--- Work task ---
All of the data beneath this instruction is to be transcribed word for word.

┌─ Record excerpts

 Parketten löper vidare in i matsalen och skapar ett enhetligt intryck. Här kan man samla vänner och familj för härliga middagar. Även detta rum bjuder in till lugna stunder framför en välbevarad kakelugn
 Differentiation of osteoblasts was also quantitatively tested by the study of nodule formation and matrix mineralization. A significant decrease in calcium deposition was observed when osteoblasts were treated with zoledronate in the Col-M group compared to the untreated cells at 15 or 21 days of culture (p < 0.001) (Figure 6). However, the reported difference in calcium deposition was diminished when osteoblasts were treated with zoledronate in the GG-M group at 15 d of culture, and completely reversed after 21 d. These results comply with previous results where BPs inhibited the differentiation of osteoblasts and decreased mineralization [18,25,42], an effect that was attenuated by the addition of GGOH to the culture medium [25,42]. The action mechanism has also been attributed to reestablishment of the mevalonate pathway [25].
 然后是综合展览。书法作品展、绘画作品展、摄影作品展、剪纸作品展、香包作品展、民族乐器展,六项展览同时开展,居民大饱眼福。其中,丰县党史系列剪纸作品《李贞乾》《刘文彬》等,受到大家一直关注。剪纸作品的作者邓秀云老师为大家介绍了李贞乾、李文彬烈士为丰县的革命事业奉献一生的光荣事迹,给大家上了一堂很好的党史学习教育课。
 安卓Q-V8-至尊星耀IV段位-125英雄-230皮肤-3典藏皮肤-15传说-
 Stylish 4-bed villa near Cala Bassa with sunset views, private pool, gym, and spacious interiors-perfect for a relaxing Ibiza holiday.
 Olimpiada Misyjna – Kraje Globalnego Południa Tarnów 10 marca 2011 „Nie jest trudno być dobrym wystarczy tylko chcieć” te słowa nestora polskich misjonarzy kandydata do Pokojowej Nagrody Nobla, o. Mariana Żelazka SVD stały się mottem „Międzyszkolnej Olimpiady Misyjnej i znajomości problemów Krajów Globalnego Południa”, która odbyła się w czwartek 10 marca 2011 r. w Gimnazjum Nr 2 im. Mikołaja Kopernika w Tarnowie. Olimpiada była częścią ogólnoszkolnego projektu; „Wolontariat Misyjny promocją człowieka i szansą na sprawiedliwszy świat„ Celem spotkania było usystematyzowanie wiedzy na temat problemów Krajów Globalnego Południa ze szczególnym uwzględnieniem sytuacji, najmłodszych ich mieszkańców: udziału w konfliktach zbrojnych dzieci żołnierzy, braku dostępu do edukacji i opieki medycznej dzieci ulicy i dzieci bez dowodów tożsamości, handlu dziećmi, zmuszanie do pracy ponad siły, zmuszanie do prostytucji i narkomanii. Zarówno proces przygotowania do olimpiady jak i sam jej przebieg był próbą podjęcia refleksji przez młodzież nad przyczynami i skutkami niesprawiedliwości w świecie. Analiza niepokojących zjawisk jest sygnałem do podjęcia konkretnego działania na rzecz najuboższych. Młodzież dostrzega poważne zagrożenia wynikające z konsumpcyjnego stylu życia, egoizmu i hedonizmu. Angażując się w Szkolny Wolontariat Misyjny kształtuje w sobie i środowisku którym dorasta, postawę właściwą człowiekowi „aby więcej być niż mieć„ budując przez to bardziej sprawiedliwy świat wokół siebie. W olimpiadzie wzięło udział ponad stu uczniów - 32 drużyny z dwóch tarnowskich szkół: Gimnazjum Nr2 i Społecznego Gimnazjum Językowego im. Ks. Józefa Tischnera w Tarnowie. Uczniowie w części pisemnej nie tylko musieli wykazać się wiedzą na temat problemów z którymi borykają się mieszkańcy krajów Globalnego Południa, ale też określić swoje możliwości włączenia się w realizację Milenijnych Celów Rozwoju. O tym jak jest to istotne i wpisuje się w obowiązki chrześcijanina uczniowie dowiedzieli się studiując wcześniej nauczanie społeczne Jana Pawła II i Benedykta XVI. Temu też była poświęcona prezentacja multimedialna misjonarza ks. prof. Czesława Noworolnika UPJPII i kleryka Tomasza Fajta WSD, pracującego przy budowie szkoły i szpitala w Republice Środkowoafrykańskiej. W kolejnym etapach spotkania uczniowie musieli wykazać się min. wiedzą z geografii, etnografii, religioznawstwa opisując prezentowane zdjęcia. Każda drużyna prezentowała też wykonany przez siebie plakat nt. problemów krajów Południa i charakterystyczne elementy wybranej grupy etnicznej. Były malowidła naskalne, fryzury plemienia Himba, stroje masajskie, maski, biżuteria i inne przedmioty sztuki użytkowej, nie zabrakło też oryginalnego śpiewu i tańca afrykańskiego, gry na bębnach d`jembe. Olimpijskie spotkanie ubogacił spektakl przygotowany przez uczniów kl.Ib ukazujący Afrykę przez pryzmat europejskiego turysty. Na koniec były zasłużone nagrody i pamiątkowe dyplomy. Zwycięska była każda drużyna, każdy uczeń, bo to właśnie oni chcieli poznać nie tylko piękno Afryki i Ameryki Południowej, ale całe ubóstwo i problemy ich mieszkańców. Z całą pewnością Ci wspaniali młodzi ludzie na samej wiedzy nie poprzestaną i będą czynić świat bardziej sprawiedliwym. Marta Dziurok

└─

--- Written answer ---
 Parketten löper vidare in i matsalen och skapar ett enhetligt intryck. Här kan man samla vänner och familj för härliga middagar. Även detta rum bjuder in till lugna stunder framför en välbevarad kakelugn
 Differentiation of osteoblasts was also quantitatively tested by the study of nodule formation and matrix mineralization. A significant decrease in calcium deposition was observed when osteoblasts were treated with zoledronate in the Col-M group compared to the untreated cells at 15 or 21 days of culture (p < 0.001) (Figure 6). However, the reported difference in calcium deposition was diminished when osteoblasts were treated with zoledronate in the GG-M group at 15 d of culture, and completely reversed after 21 d. These results comply with previous results where BPs inhibited the differentiation of osteoblasts and decreased mineralization [18,25,42], an effect that was attenuated by the addition of GGOH to the culture medium [25,42]. The action mechanism has also been attributed to reestablishment of the mevalonate pathway [25].
 然后是综合展览。书法作品展、绘画作品展、摄影作品展、剪纸作品展、香包作品展、民族乐器展,六项展览同时开展,居民大饱眼福。其中,丰县党史系列剪纸作品《李贞乾》《刘文彬》等,受到大家一直关注。剪纸作品的作者邓秀云老师为大家介绍了李贞乾、李文彬烈士为丰县的革命事业奉献一生的光荣事迹,给大家上了一堂很好的党史学习教育课。
 安卓Q-V8-至尊星耀IV段位-125英雄-230皮肤-3典藏皮肤-15传说-
 Stylish 4-bed villa near Cala Bassa with sunset views, private pool, gym, and spacious interiors-perfect for a relaxing Ibiza holiday.
 Olimpiada Misyjna – Kraje Globalnego Południa Tarnów 10 marca 2011 „Nie jest trudno być dobrym wystarczy tylko chcieć” te słowa nestora polskich misjonarzy kandydata do Pokojowej Nagrody Nobla, o. Mariana Żelazka SVD stały się mottem „Międzyszkolnej Olimpiady Misyjnej i znajomości problemów Krajów Globalnego Południa”, która odbyła się w czwartek 10 marca 2011 r. w Gimnazjum Nr 2 im. Mikołaja Kopernika w Tarnowie. Olimpiada była częścią ogólnoszkolnego projektu; „Wolontariat Misyjny promocją człowieka i szansą na sprawiedliwszy świat„ Celem spotkania było usystematyzowanie wiedzy na temat problemów Krajów Globalnego Południa ze szczególnym uwzględnieniem sytuacji, najmłodszych ich mieszkańców: udziału w konfliktach zbrojnych dzieci żołnierzy, braku dostępu do edukacji i opieki medycznej dzieci ulicy i dzieci bez dowodów tożsamości, handlu dziećmi, zmuszanie do pracy ponad siły, zmuszanie do prostytucji i narkomanii. Zarówno proces przygotowania do olimpiady jak i sam jej przebieg był próbą podjęcia refleksji przez młodzież nad przyczynami i skutkami niesprawiedliwości w świecie. Analiza niepokojących zjawisk jest sygnałem do podjęcia konkretnego działania na rzecz najuboższych. Młodzież dostrzega poważne zagrożenia wynikające z konsumpcyjnego stylu życia, egoizmu i hedonizmu. Angażując się w Szkolny Wolontariat Misyjny kształtuje w sobie i środowisku którym dorasta, postawę właściwą człowiekowi „aby więcej być niż mieć„ budując przez to bardziej sprawiedliwy świat wokół siebie. W olimpiadzie wzięło udział ponad stu uczniów - 32 drużyny z dwóch tarnowskich szkół: Gimnazjum Nr2 i Społecznego Gimnazjum Językowego im. Ks. Józefa Tischnera w Tarnowie. Uczniowie w części pisemnej nie tylko musieli wykazać się wiedzą na temat problemów z którymi borykają się mieszkańcy krajów Globalnego Południa, ale też określić swoje możliwości włączenia się w realizację Milenijnych Celów Rozwoju. O tym jak jest to istotne i wpisuje się w obowiązki chrześcijanina uczniowie dowiedzieli się studiując wcześniej nauczanie społeczne Jana Pawła II i Benedykta XVI. Temu też była poświęcona prezentacja multimedialna misjonarza ks. prof. Czesława Noworolnika UPJPII i kleryka Tomasza Fajta WSD, pracującego przy budowie szkoły i szpitala w Republice Środkowoafrykańskiej. W kolejnym etapach spotkania uczniowie musieli wykazać się min. wiedzą z geografii, etnografii, religioznawstwa opisując prezentowane zdjęcia. Każda drużyna prezentowała też wykonany przez siebie plakat nt. problemów krajów Południa i charakterystyczne elementy wybranej grupy etnicznej. Były malowidła naskalne, fryzury plemienia Himba, stroje masajskie, maski, biżuteria i inne przedmioty sztuki użytkowej, nie zabrakło też oryginalnego śpiewu i tańca afrykańskiego, gry na bębnach d`jembe. Olimpijskie spotkanie ubogacił spektakl przygotowany przez uczniów kl.Ib ukazujący Afrykę przez pryzmat europejskiego turysty. Na koniec były zasłużone nagrody i pamiątkowe dyplomy. Zwycięska była każda drużyna, każdy uczeń, bo to właśnie oni chcieli poznać nie tylko piękno Afryki i Ameryki Południowej, ale całe ubóstwo i problemy ich mieszkańców. Z całą pewnością Ci wspaniali młodzi ludzie na samej wiedzy nie poprzestaną i będą czynić świat bardziej sprawiedliwym. Marta Dziurok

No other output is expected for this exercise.